Lots of changes this week. Miami takes over the ACC's spot in the Orange Bowl, Cal takes over the Pac-10's spot in the Rose Bowl and Boise State reclaims favored status among potential BCS-busters following BYU's loss (though neither the Cougars, TCU or Houston are out of it). The Orange Bowl at-large spot was the toughest to fill. Flying in a 10-2 USC team with presumably disinterested fans would not be all that desirable for the Orange Bowl committee, but it'd still probably be preferable to taking Boise or Cincinnati.

Spreading the field

• It was a weekend of devastating injuries to key players. South Florida quarterback Matt Grothe, who just last week became the Big East's career total offense leader, is out for the season with a torn ACL. A school spokesman said a medical redshirt is unlikely for the fifth-year senior. His injury comes a week before USF's first-ever game against Florida State and likely cripples the Bulls' Big East title hopes.

Elsewhere, Notre Dame lost star wide receiver Michael Floyd for the rest of the regular season with a broken collarbone. He already had 13 catches for 358 yards and five touchdowns. Quarterback Jimmy Clausen still racked up 300 yards in a 33-30 win over Michigan State despite Floyd's exit in the second quarter, but the sophomore was unquestionably the Irish's most dangerous threat.

• It looked like West Virginia might have suffered its own injury blow when senior quarterback Jarrett Brown left late in the game against Auburn, but Mountaineers coach Bill Stewart said the senior's injury to his non-throwing shoulder is not serious. More painful for West Virginia: blowing a 21-10 lead and wasting 509 yards of offense in an eventual 41-30 Tigers victory.

• Yet again, Bob Stoops and Kevin Wilson have worked their magic with a green quarterback at Oklahoma. Redshirt freshman Landry Jones, who seemed so in over his head when thrown in to replace Sam Bradford against BYU, went 25-of-37 for 336 yards and a school-record six TDs in Oklahoma's 45-0 rout of Tulsa. Meanwhile, his porn-star mustache has inspired its own T-shirt and cheering section.

• From the depths of its Boise State debacle, Oregon has improved to 2-1 after knocking off No. 18 Utah, but it's still hard to put faith in the Ducks. Quarterback Jeremiah Masoli was a ghastly 4-of-16 with an interception and two lost fumbles (one returned for a TD) against the Utes, but redshirt freshman running back LaMichael James (27 carries, 152 yards) and a stingy defense (297 yards allowed) bailed him out.

• Where have you gone, Matt Ryan? Boston College figured to struggle offensively this season with two freshman quarterbacks, but the extent of its misery Saturday against Clemson was mind-blowing. In a game delayed two hours by weather, BC went nearly three quarters without a first down and netted just 54 yards of offense in a 25-7 defeat. Somewhere, Steve Logan is smirking.

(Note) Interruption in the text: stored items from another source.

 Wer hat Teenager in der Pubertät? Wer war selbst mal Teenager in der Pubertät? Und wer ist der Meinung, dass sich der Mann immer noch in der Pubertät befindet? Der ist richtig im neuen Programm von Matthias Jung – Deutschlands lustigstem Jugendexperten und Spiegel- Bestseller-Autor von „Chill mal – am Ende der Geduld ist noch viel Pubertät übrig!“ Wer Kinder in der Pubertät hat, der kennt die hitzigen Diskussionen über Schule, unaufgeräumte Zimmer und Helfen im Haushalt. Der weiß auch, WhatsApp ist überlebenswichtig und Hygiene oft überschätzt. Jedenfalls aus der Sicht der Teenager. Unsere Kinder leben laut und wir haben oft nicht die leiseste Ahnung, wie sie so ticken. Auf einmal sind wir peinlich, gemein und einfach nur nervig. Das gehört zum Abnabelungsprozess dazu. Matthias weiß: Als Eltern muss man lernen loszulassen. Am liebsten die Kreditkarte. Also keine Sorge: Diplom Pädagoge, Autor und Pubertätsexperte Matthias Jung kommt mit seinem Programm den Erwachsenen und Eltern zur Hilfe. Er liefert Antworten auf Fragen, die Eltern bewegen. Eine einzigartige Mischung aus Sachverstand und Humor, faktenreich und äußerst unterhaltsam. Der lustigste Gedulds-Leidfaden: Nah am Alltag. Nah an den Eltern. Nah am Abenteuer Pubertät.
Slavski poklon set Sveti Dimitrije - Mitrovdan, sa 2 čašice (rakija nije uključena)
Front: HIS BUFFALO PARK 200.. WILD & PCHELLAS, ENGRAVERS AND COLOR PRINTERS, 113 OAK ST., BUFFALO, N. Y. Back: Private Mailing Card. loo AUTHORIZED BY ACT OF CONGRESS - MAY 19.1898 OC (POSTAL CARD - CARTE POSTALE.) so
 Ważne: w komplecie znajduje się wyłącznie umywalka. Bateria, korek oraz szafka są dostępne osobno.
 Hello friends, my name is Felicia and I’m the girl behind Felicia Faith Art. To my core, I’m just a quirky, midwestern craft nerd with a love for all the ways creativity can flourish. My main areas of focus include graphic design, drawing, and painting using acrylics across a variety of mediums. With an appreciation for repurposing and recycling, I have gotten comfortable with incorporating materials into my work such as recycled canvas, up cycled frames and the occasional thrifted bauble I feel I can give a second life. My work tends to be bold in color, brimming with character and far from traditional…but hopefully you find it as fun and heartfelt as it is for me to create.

• It's not every day you see a team forced to punt on fourth-and-goal, but that's exactly what happened to Nebraska late in the third quarter against Virginia Tech. Starting with a first-and-goal at the Hokies' six, the Huskers first had a touchdown pass nullified by holding, then committed three more false start or holding penalties that drove them back to the 37 and out of field-goal range.

• The early scouting report on Arkansas: quarterback Ryan Mallett is as good as advertised (he threw for 408 yards and five touchdowns against Georgia to remain the nation's pass-efficiency leader), but Bobby Petrino's defense is horr-i-ble. With his various ailments behind him, Dawgs quarterback Joe Cox spent the bulk of the night lofting passes down field to wide-open receivers (resulting in five TDs) in a 52-41 win.

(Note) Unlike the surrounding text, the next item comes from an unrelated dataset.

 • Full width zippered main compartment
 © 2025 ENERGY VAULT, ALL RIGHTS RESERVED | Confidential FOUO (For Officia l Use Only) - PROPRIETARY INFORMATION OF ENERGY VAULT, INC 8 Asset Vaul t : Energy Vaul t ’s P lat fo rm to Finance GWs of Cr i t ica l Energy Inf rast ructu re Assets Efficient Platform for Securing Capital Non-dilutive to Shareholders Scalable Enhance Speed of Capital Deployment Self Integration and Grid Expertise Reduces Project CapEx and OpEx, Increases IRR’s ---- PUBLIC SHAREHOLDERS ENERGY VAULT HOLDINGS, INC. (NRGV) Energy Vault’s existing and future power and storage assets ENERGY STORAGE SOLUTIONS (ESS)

• Texas A&M has quietly undergone a massive offensive overhaul after Mike Sherman installed a no-huddle attack. Quarterback Jerod Johnson and the Aggies rank No. 1 nationally at 589.5 yards per game following wins over New Mexico and Utah State. However, A&M also gave up 521 yards to Utah State and ranks 86th in total defense. In two weeks, they face ... Arkansas. Hello, shootout.